_Material for this exercise_:
******************************

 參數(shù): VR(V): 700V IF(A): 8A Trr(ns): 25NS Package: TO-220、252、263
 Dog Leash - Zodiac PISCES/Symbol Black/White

******************************

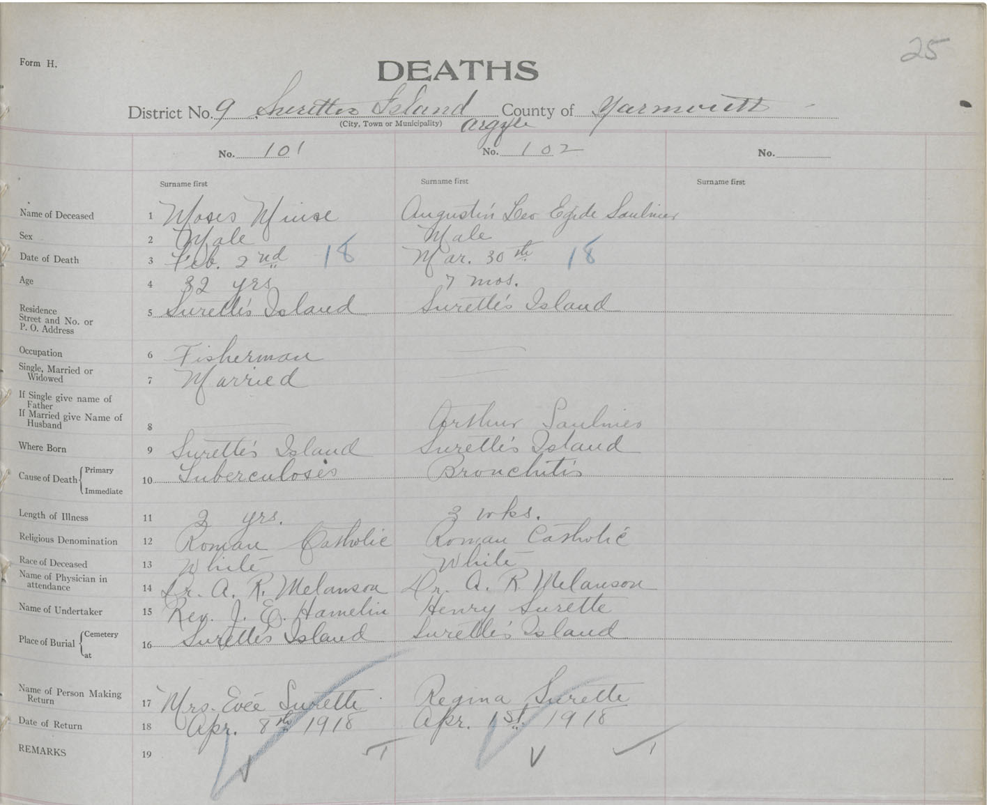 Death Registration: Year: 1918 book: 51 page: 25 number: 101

******************************

_What the task requires_: Give again exactly, and only, the lines above starting at the one with "參數(shù): VR(V): 700V" and ending at the one with "Dog Leash - Zodiac PISCES/Symbol Black/White".

_Result for this exercise_:
 參數(shù): VR(V): 700V IF(A): 8A Trr(ns): 25NS Package: TO-220、252、263
 Dog Leash - Zodiac PISCES/Symbol Black/White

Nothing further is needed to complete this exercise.